The facts of the case are that Kwoyelo was abducted as a minor aged 13 years on his way to school. He thus remained in captivity and was forcefully conscripted in the LRA Army where he "rose" to the rank of colonel until 2008 when he was arrested by the Ugandan army in Garamba, DRC Congo. He was detained at the Luzira government prison. The dilemma retorts on the fact that in as much as Kwoyelo is accused of having perpetrated these inhumane crimes, he was also merely a victim of circumstance.

Through the Kwoyelo case, Uganda's judicial activism as a nation is put to test. The case being the first of its kind is a courtesy call for precedence.
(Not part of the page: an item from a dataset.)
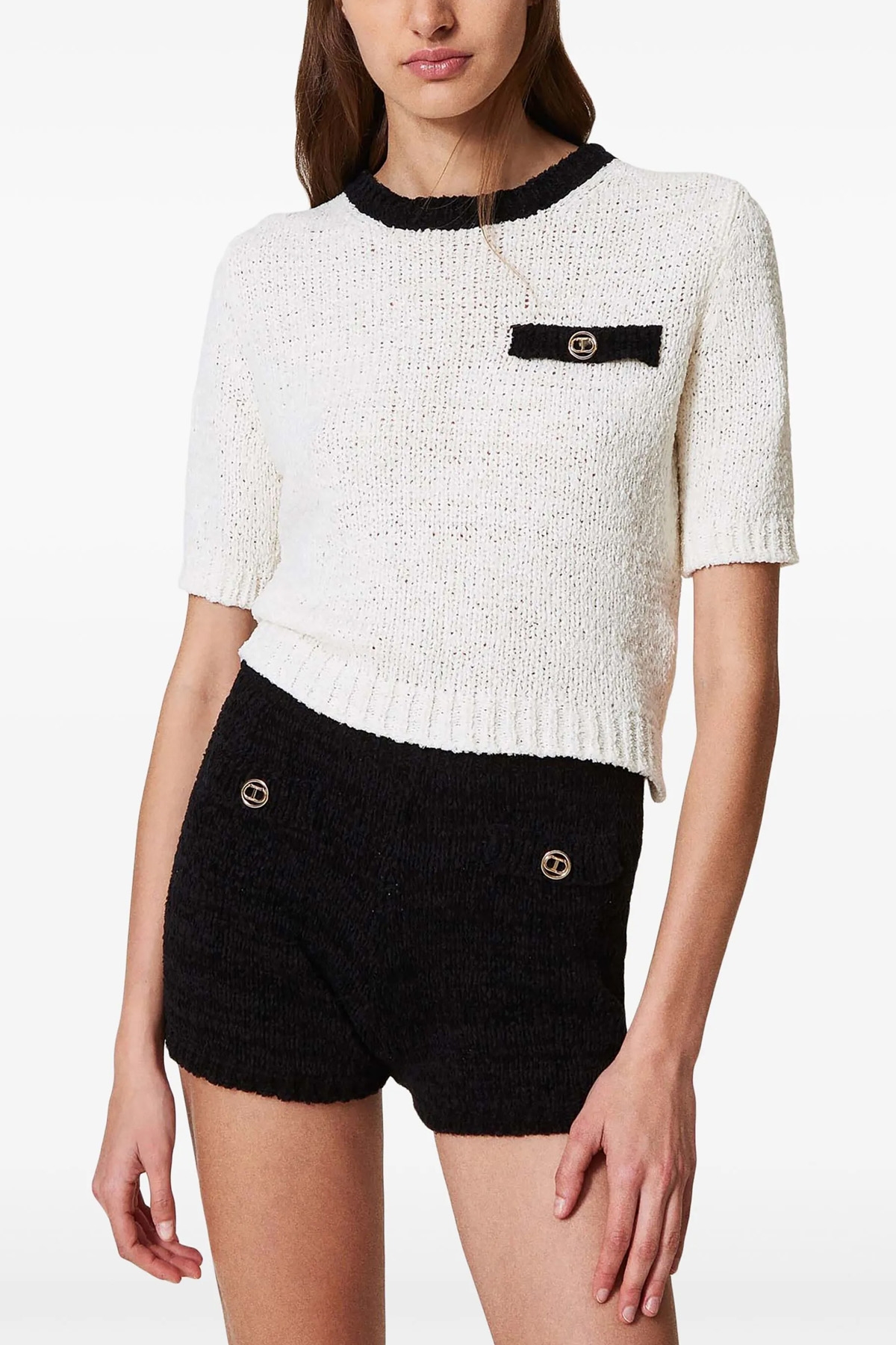 Cotton blend shorts with shaved pattern, trompe l'oeil pockets with metal 'Oval T' logo, elastic waistband.

The case sets a precedent that will be used in dispensation of justice many years to come. The case raises a multifaceted category of issues which include interalia reparations, victims' participation and accountability, when it comes to stakeholders like state actors and witnesses.

The case espouses customary law aspects and transitional justice mechanisms for retributive Justice.  Among the Acholi, there is the mato oput method, which has gained notoriety and has been used in solving and settling disputes among the Acholi people. Infact a faction of the Acholi people want the transitional justice mechanism of mato oput to be used to try Kwoyelo instead of a full trial.
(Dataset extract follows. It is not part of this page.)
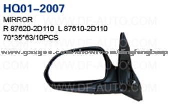 Product Name: Mirror OEM No/Model: R87620-2D110 L87610-2D110 Application:Hyundai Model: HYUNDAI ELANTRA'2004 Mirror; Manufacture No.: HQ01-2007; OEM: R87620-2D110 L87610-2D110 Packing: 70*35*63cm/10pcs HYUNDAI, KIA, DAEWOO, CHEVROLET, Toyota Head lamp, Tail lamp, Fog lamp, Side lamps, Corner lamp, Grille, Bumper, Bumper Support, Mirror, Mug guard, Hood, Boot, Fenders, Wanter tank frame, Fan shroud ect 7 REASONS TO CHOOSE DINGFENG: 1. Quick inquiry feedback; 2. Short lead time; 3. Quick delivery service; 4. Good shipment tracing; 5. Good quality; 6. Best price; 7. Quick customer complaint feedback. Please kindly send us your inquiry if you need any items from us. We have the ability of developing for customer according to the samples. Welcome any inquiry for any auto parts.

Transitional justice mechanisms, however, raise ripples because the nature of crimes allegedly perpetrated by the accused are crimes against humanity, therefore, the mechanisms may easily raise the issue of criminal accountability. The purpose of the criminal justice system is to deter, effectuate retribution, punish and rehabilitate a criminal.

However, suffice to note is that the African criminal Justice system does not give space for rehabilitation, save for a few circumstances. Thus an argument may arise that there is a need to pursue accountability for the criminal aspects of the case.

Consequently, it also illustrates and effectuates the doctrine of complementarity. The preamble of the Rome Statute emphasises the complementary role of the International Criminal Court to criminal jurisdictions. Article 17 of the Rome Statute hinges on a state's ability and ultimately inability and willingness to investigate and prosecute international criminal offences. The fact that the pre-trial is taking place in Gulu, Uganda, exhibits the growth of the judicial system as a whole.

In conclusion, considering the fact that this an unexplored avenue in our jurisprudence, it is important to closely monitor the Kwoyelo case with utmost precision because it rests on an intricate balance as many stakeholders are involved. The case in my opinion raises "a tale of two cities" with the doctrine of complementarity at hand. It also opens up a Pandora's Box of lots of expectations.